Your assignment is to inform the decision-makers in Leeds about the effects of a car ban. Specifically, the city of Leeds does not yet know the extent to which a car ban would shift the mode shares of trips going to the city centre. This information is vital to assess the viability and effectiveness of the car ban policy under consideration.
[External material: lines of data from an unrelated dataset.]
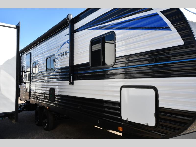 Get ready for comfortable and easy camping with the Prowler Lynx travel trailers by Heartland. Each model includes full bath and kitchen amenities, comfortable seating and sleeping spaces, and plenty of storage spaces that will help you keep camp gear and personal belongings clean and neat! The power awning with an LED light strip outdoors will provide shade when you need it, and the LED interior lights will keep your space well lit. These units also include USB ports to keep your electronics charge, a systems monitor panel, night shades in the living area and bedroom, plus many more conveniences to make life at the campground easier than ever!
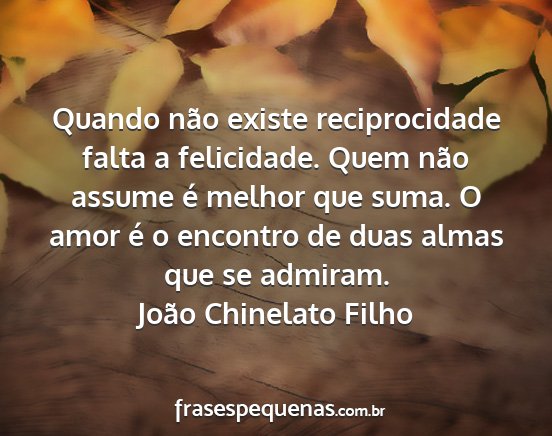 Quando não existe reciprocidade falta a felicidade. Quem não assume é melhor que suma. O amor é o encontro de duas almas que se admiram.João Chinelato Filho
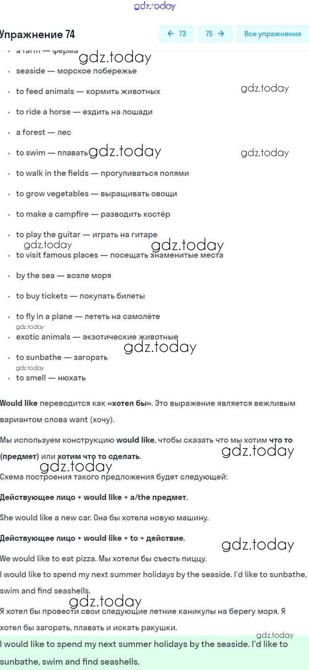 На страницах сайта gdz.today вы найдете учебный и вспомогательный материал, направленный на улучшения знаний школьной программы. ГДЗ - онлайн мир знаний Решение к Unit 1. Hello! Nice to see you again! 74 Учебнику по Английскому языку для 5 класса Биболетова, Денисенко Титул Enjoy English 2015
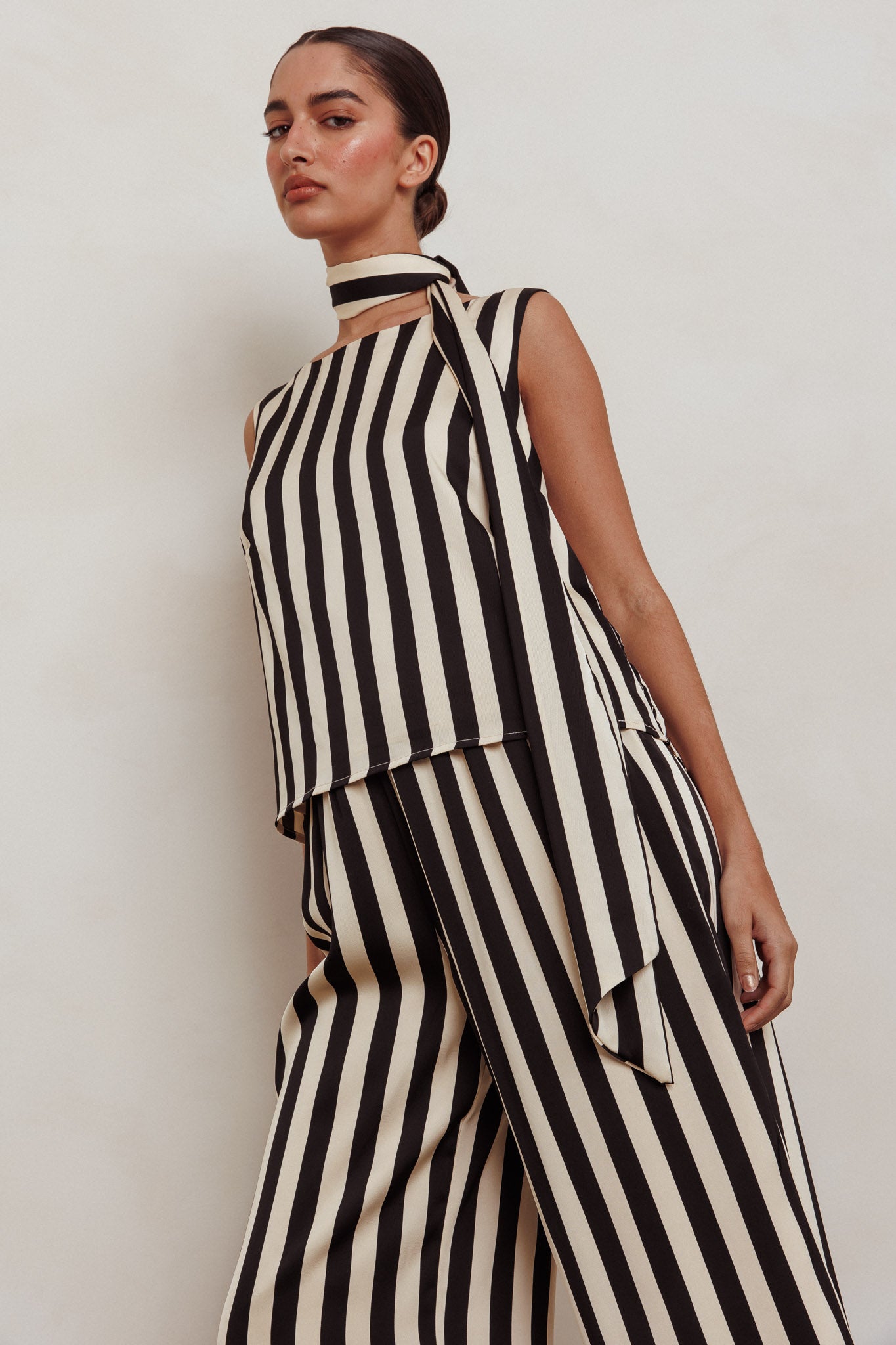 Step into sophistication with our Love Galore top—a timeless piece designed to make a statement. Featuring a sleeveless design and matching neck tie, this top offers a refined touch to any wardrobe! Whether you're heading to the office, a special event, or a chic evening out, it is a versatile staple you'll reach for time and time again. Team it with its matching pant or mix and match for endless possibilities!

To inform the decision-makers in Leeds, in this assignment you will:
1. Create a model that predicts the mode choices, given a set of travel characteristics. Specifically, you will train a neural network based on observed travel patterns. 
2. Use your trained model to predict the effect of the car ban policy on mode shares for trips going to the city centre.<br>

### **Data**

You have access to three data sets:
1. Travel patterns and modes choice data. These data are obtained from a so-called revealed-preference survey, see a description of this data [here](https://link.springer.com/article/10.1007/s11116-018-9858-7)
1. Zones of Leeds (GIS)
1. Mode shares per zone in Leeds, derived from the two other datasets.
<br>

`IMPORTANT`<br>
These data are exclusively made available by its owners for **educational purposes**.<br> 
You are **NOT** allowed to **share or further distribute** these data with anyone other than those involved in TPM034A.

### **Notes**
- The description of each column of revealed-preference dataset is [here](data/model_average_RP_description.pdf)
- In revealed-preference dataset considers as *numerical travel features*: 'avail_car', 'avail_taxi', 'avail_bus' 'avail_rail', 'avail_cycling', 'avail_walking', 'total_car_cost', 'taxi_cost', 'bus_cost_total_per_leg', 'rail_cost_total_per_leg', 'car_distance_km', 'bus_distance_km', 'rail_distance_km', 'taxi_distance_km' 'cycling_distance_km', 'walking_distance_km', 'car_travel_time_min', 'bus_travel_time_min', 'rail_travel_time_min', 'taxi_travel_time_min', 'cycling_travel_time_min', 'walking_travel_time_min' 'bus_IVT_time_min', 'bus_access_egress_time_min', 'rail_IVT_time_min', 'rail_access_egress_time_min' 'bus_transfers', 'rail_transfers'.
- Each row in the zone dataset (2nd dataset) corresponds to an individual zone in Leeds, and contains 4 different columns. The description of each column is shown in the following able:


| Column   | Description                                                                                                                                                                                                  |
|----------|--------------------------------------------------------------------------------------------------------------------------------------------------------------------------------------------------------------|
| LSOA11CD | Zone Code                                                                                                                                                                                                    |
| LSOA11NM | Zone Name                                                                                                                                                                                                    |
| Region   | Region Code, corresponds to a bigger region formed by a set of zones. Values = {'C': Center region, 'R': Ring center region, 'NW': North-West region, 'NE': North-East , 'SW': South-West, 'SE': South-East}  |
| geometry | Polygonal geometry of each zone                                                                                                                                                                              |


### **Tasks and grading**

Your assignment is divided into 4 subtasks: (1) Data preparation, (2) Data exploration, (3) Model training, and (4) Assessment of the impact of the car ban policy on mode shares. In total, 10 points can be earned in this assignment. The weight per subtask is shown below. 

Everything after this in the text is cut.